Conservative groups challenge Montana campaign laws
HELENA — A conservative group asked a federal judge Thursday to undo Montana's campaign contribution restrictions, even as the U.S. Supreme Court considers a related case.
Virginia-based American Tradition Partnership is headlining a group that wants the federal court to immediately undo Montana's donation limits for individuals, political action committees, political parties and others. It also wants to do away with state laws that require disclaimers on attack ads, and ban false statements in those attacks.
ATP is joined in the lawsuit by the Montana Right to Life Association, Lake County Republican Central Committee, Beaverhead County Republican Central Committee and other conservative groups. The coalition told U.S. District Judge Charles Lovell that the restrictions are an unconstitutional restriction of free speech.
The Montana attorney general's office is defending the limits as necessary to prevent political corruption.
An attorney representing the groups said that the campaign spending limits go too far. Noel Johnson argued that limiting the amount political parties can donate to their own candidates serves no anti-corruption since they naturally are supportive of each other.

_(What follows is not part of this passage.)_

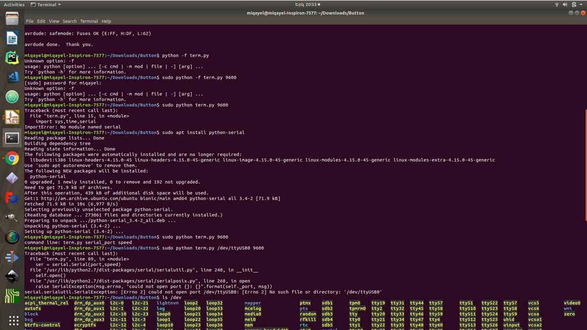 The next step is to run make file by writing make -f hello.button.45.make program-usbtiny it will program your board after run .hex file by writing avrdude -p t45 -P usb -c usbtiny -U flash:w:hello.button.45.c.hex and finally run your python program by writing sudo python term.py /dev/ttyUSB0 9600 (but before check which name your FTDI cable has by writing ls /dev). With the help of the python program, you will get all information from your board. In my case, I need to program each time if I what to use a certain sensor on my board. Here I have only push button code but it will work for any other program, just download files from the site and run it.
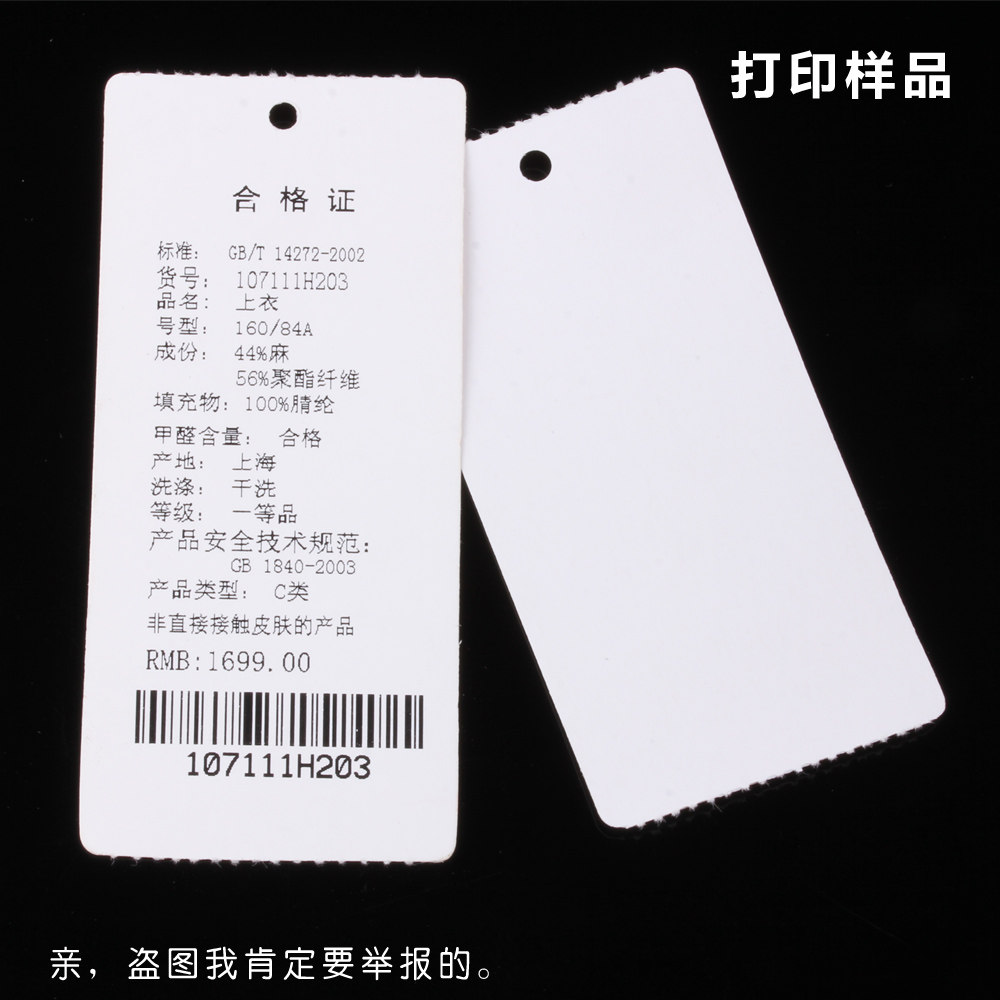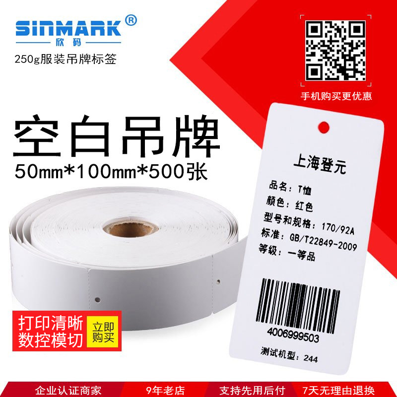 Xin code vertical version 50*100 clothing tag blank certificate self-adhesive printing sticker

The state argued the issues overlap a separate case brought by the group that's now before the U.S. Supreme Court that seeks to overturn Montana's ban on corporations spending to help elect or defeat candidates. Assistant attorney General Michael Black said the lower federal court shouldn't intervene until the higher court settles some of the issues in the other case.
A day earlier, The Montana Attorney General told the U.S. Supreme Court in a filing that the state's century-old ban on direct corporate political donations has helped safeguard Montana from the "scourge of political corruption." The nation's high court is weighing a request from American Tradition Partnership to immediately overturn the Montana ban.
Both cases piggyback on the U.S. Supreme Court Citizens' United decision from last year granting political speech rights to corporations.
American Tradition Partnership has a third case that fights sanctions Montana is attempting to levy against it for allegedly violating campaign finance laws.
The attorney general's office told Lovell that the case in front of him, at the least, deserves a full trial that would include more fact-finding before he decides to make any quick decisions to toss out Montana campaign finance laws.
Lovell promised a quick decision on the request for an immediate injunction since campaign season is heating up.